→ ACTIVITY
Reproduce the whole listing that follows, character for character, and drop the images.
RECORDED DATA START
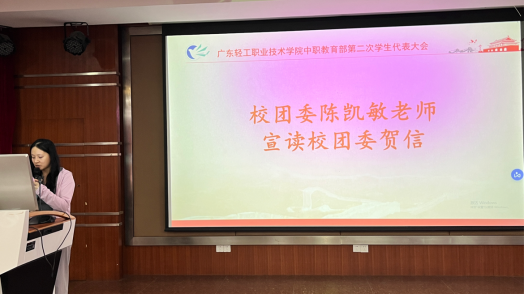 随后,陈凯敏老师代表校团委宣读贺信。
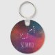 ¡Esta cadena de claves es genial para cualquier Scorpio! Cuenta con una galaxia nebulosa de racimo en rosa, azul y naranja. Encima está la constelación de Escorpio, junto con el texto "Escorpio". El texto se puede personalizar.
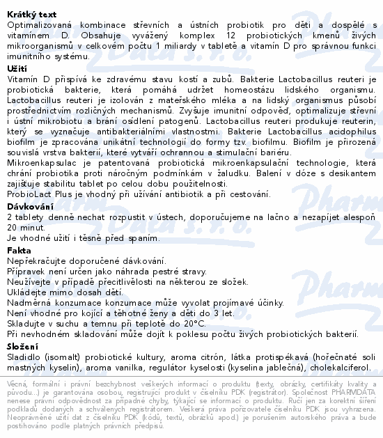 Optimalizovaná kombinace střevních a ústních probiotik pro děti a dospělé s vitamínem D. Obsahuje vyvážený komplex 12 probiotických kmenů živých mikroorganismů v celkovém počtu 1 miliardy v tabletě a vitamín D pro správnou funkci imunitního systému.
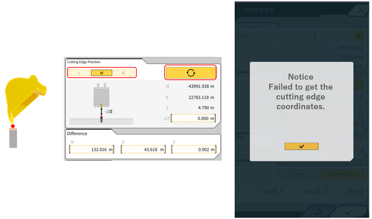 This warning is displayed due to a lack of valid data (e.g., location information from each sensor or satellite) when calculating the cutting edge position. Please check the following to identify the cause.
RECORDED DATA END
→ RESPONSE TO THIS TASK
 随后,陈凯敏老师代表校团委宣读贺信。
 ¡Esta cadena de claves es genial para cualquier Scorpio! Cuenta con una galaxia nebulosa de racimo en rosa, azul y naranja. Encima está la constelación de Escorpio, junto con el texto "Escorpio". El texto se puede personalizar.
 Optimalizovaná kombinace střevních a ústních probiotik pro děti a dospělé s vitamínem D. Obsahuje vyvážený komplex 12 probiotických kmenů živých mikroorganismů v celkovém počtu 1 miliardy v tabletě a vitamín D pro správnou funkci imunitního systému.
 This warning is displayed due to a lack of valid data (e.g., location information from each sensor or satellite) when calculating the cutting edge position. Please check the following to identify the cause.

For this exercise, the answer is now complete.